September 18, 2004

09.18.2004

John and the Child are off for an afternoon of Dad/Daughter time. I had put a few DVDs on to watch and immediately lost interest in watching anything.

It is so wonderful having him home. I'm trying very hard not to think about when he has to go back.

He called from Dallas, hence the "OMG!" entry. I was secretly hoping that he was coming home on leave but had told him I wouldn't believe it until he called me from the US. He'd been evasive online, talking about packing and pretty precise about not being able to be in contact for a few days. He would call when he could, and he did, he just neglected to tell me he was calling from Kuwait.

I made arrangements to leave early from work and took the rest of the day off. I stopped at home to grab my camera and then went to get him balloons and flowers to welcome him home. I debated a lot about going to get the Child, but decided to just surprise her when she got home. I'd told her before she left for school that morning that I'd surprise her when she got home. I was just going to take her out to dinner or something to celebrate the first day of school.

I got to the airport a little early but was worried about how long it would take to go through security. There was no line at the airline desk so that shaved a bunch of time off right there. They printed up a ticket for me and off I went to security. Not one person in line if you can believe that! I wound my way through all the little posts and met the security guard. She told me that I couldn't go through security with the balloons. She was kind and offered to keep them for me to pick up later. I went down to the gate and realized that I had an hour to wait for him.

Eventually a few more wives showed up. You can tell us apart from regular airport people. We're the ones glancing out the window of the terminal every few seconds, hoping that for some reason the plane will just appear. Now. Right now! Once we saw the plane pull in I was ready. I was going to get a picture of John walking up the gangway towards me. I walked over, sort of staking out my spot towards the front of the group so I could get a picture. They finally opened the doors and there he was. I didn't have time to get a picture because I was too busy jumping up and down like a two year old. I grabbed him and gave him a huge bear hug and just cried. 299 days since I had his arms around me. 299 days since I'd seen his smile. 299 days since I'd gotten a kiss.

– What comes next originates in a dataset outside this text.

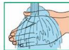
10 Промойте руки под проточной водой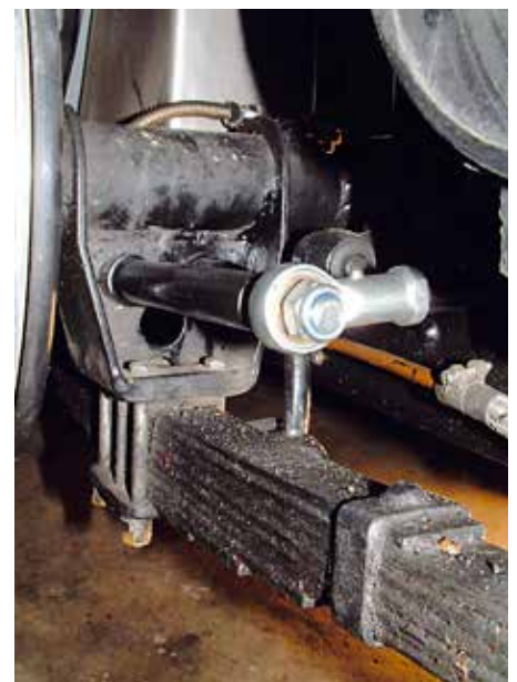
MG TC, Befestigung auf der linken Radseite an der Achse

Warum erzähle ich das wo doch die meisten Engländer keinen haben? Man kann diese Innovation in vielen Fällen nachrüsten und verbessert damit das

We were walking towards the baggage claim area when I realized I still had the camera on and in my hand. I took a step away and snapped a quick picture of him as we were walking. That is the picture I used on his "he is home" entry. We stopped at security and got the balloons. We stopped at baggage and his giant duffel bag finally came out. We walked to the car and I felt like the luckiest, most proud wife in the world. People smiled at us and little kids waved at him. I really felt like my heart was going to burst open I was so happy.

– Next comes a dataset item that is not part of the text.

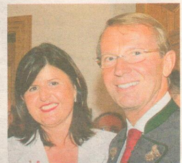
Sie lobten beim offiziellen Festakt am Freitag die Mittersiller: LH Gabi Burgstaller und LH-Stv. Wilfried Haslauer.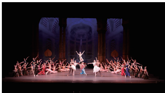
フライングダンシング

メゾンカルチャークラブ17店舗と池袋コミュニティ・カレッジの店舗ネットワークを活かした旬の講座開発により、同じ趣味や目的を持った仲間と知的好奇心を満たし、心の充足を得られる体験の場を提供しています。また店舗合同の発表会やイベントを定期的に行い、日ごろの成果を発揮いただく機会を通して元気あるスクールを目指していきます。

We got stuck in traffic but it gave us a chance to just talk and catch up on everything. We decided to stop at Safeway to pick up some things for dinner. Amazingly enough, we ran into my boss in the parking lot and she welcomed him home and told me she'd see me the following week some time. We got some snacks, some steaks, some good baking potatos, some beer, and some ice cream. We finally made our way on base and parked the car...

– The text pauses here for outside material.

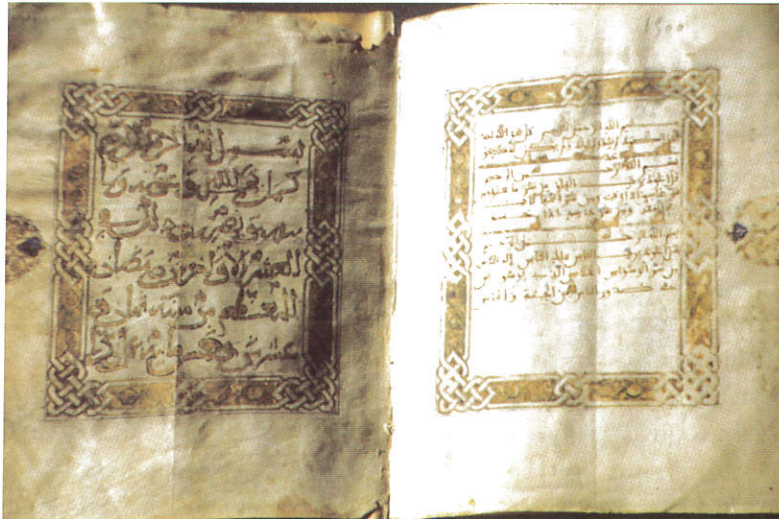
Corán, ms., año 1134.

palmas; en el centro, sobre fondo de rayos, el Espíritu Santo en forma de paloma simboliza la sabiduría divina a la cual está dedicada la biblioteca. Al fondo, presidiendo el conjunto, un lienzo de la Inmaculada flanqueado por pilastras jónicas y rematado por un frontón semicircular. Rodeando el salón se distribuye una rica estantería neoclásica que se adapta a la estructura arquitectónica y se distribuye en dos niveles a los que se accede por medio de cuatro escaleras interiores. Cuando el asombrado visitante da la vuelta para abandonar la biblioteca percibe que el lugar por donde hizo su entrada no se parece en nada al vestíbulo anterior; el frontón semicircular se ha transformado en un vano palladiano sustentado por pilastras jónicas pareadas y adornado con jarrones que se cubre con un arco casi triunfal. Con ello se ha revitalizado el interior en contraste con la sencillez exterior, se ha primado el ámbito privado al que acceden los iniciados a la sabiduría 18 .

I wanted to get a picture of the Child seeing him for the first time in so long. In the end, I'm glad I didn't. It is a memory that will be with all of us. He walked in the door first and turned into the doorway leading into the living room where she was watching TV. He just said "Hey boo-bear" and she was up off the floor and quite literally lept into his arms. They both got a bit teary-eyed and when he put her down she gave me the biggest hug and said it was the greatest surprise ever.

He is here with us for now. I know where he is at all times and, if I wanted, could pick up my cell and just say "John" and it would call him. I can fall asleep every night, listening to him breathe and snore. I can wake up in the morning and smell that he's made coffee. I can come home from work and dinner is made. The Child and I really like that dinner part!!

He's called all his family. He'll go home to see the house after he returns for good and we get some answers about his retirement. He's working very hard right now to get briefings and such done so that we have a better chance of leaving here when we want to leave.

Life feels good right now. Yes, that will change again soon, but it won't be quite so hard as it was last November when I had to watch him walk away. A month. We can do another month standing on our heads at this point. It won't be 10. It won't be "who knows when I'll see him again" time. A month. What a nice Halloween present...don't you think?